Very interesting.  Thanks for the feedback on it.


----------



## PamfromTx (Aug 28, 2022)

Paco Dennis said:


> So far it is behaving great. I think it is faster than the other browsers I've tried. It also lets you decide which search engine you want to use. DuckDuck Go, Bing, Google, some others. It has some very unique features also...like earning bit-coin from letting some ads through....too weird for me, but some might like to get into that aspect of it. I give it an A- so far.

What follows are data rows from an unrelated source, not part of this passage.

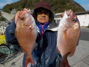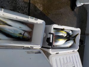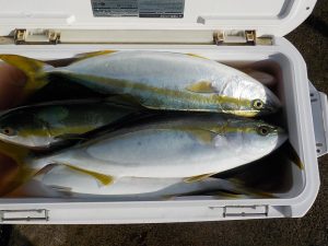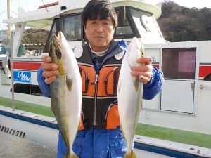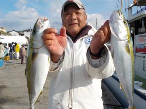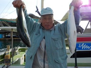 マダイ&イナダ船 2016年12月25日イサキ, 釣果速報イサキ, 勝山, 千葉県 本日の釣果 マダイ 0.3~1.2kg 0~4匹 イナダ 1.0~2.0kg 2~21匹 朝のポイントではポツポツながらも誰かしらの竿が曲がり順調でした。その後象背根へ移動したところ出だしにバタバタと当たったものの後が続かず小旋回した所で当たりだし中盤からはダブルヒットやトリプルヒットもあり好調でした。 関連
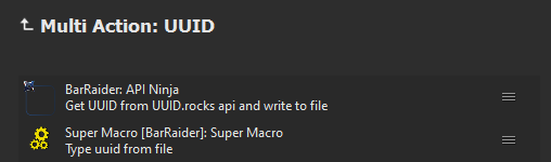 There is an amazing Stream Deck plugin made by BarRaider called API Ninja which lets you make web requests. In this case, we’ll have it request the uuid.rocks JSON API and write the UUID to a .txt file.
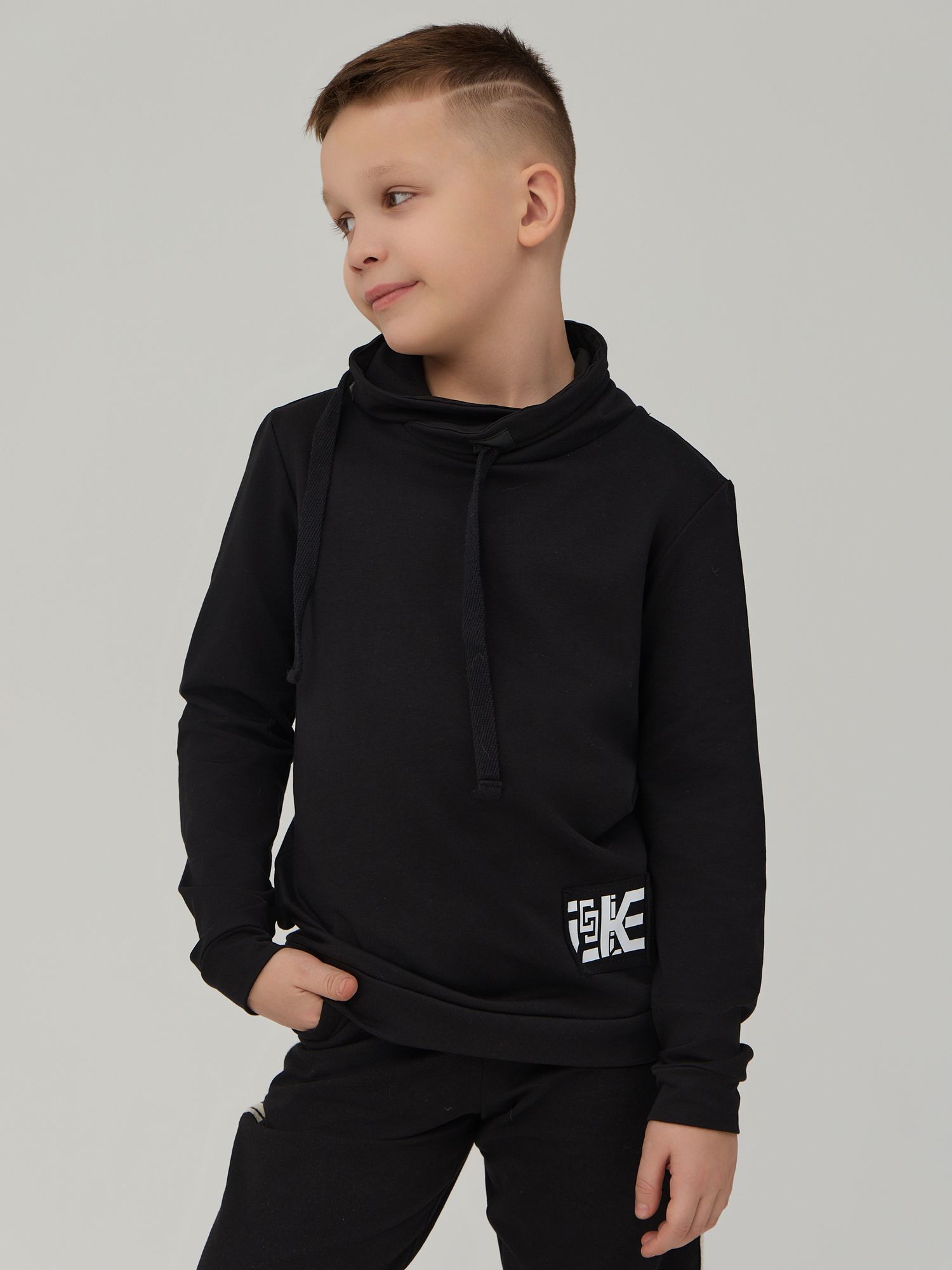 Толстовка из футера черного цвета . Ассиметричный воротник со шнуром. Изделие выполнено из трикотажа премиального качества - ПЕНЬЕ, с содержанием хлопка более 92%
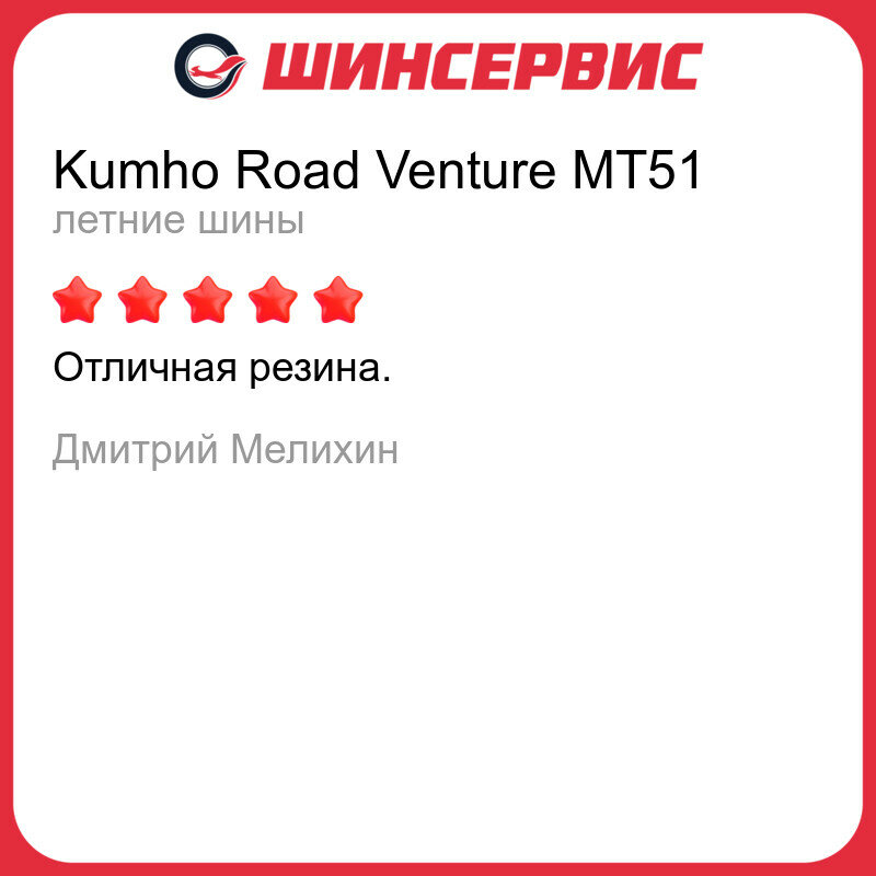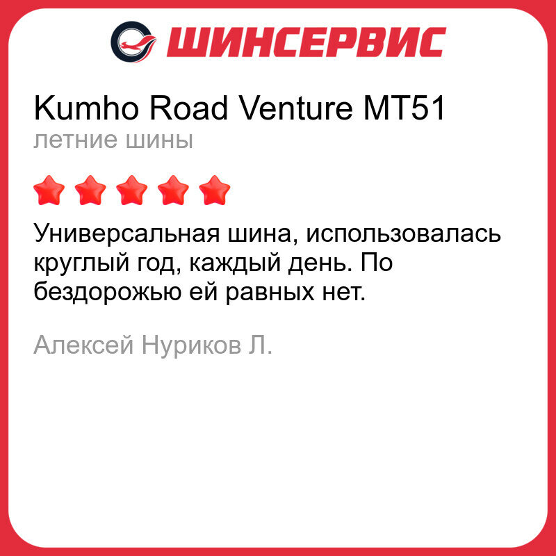 Ниже Вы можете прочитать отзывы на Шина Kumho(Кумхо) Road Venture MT51 245/70 R16 118/115Q летняя, ознакомится с подробными характеристиками, посмотреть интересные обзоры и фотографии на Шина Kumho(Кумхо) Road Venture MT51 245/70 R16 118/115Q летняя.

Hubby broke the laptop and I won't let him buy a new one.  It is beyond repairable.  GRRRRRRRRRRRRRRRRRrrr....


----------



## Flarbalard (Aug 28, 2022)

@ Paco Dennis  Thank you, I'll give it try.


----------



## Lavinia (Aug 29, 2022)

I use Brave for my Facebook page, and a different browser for my general searches. This way, I can keep the Facebook open but clear cookies after every session on the other one.


----------



## OneEyedDiva (Aug 29, 2022)

Brave is not new. I've been using it for more than a year. It has it's good points and some not so good. It has the ad blocking feature built in. I always use Brave when I'm on SF. One day it crashed so I used Chrome. I noticed ads popping up so I thought SF had added ads to get revenue or something. When Brave was up and running again, no ads on SF.  I have trouble connecting to a couple of sites when I use Brave. And I still haven't figured out how to make it so that my bookmarks are saved across devices, like with Chrome. I tried to do it for Brave but something glitchy happened twice, so I just gave up.


----------



## ManjaroKDE (Aug 29, 2022)

Delete


----------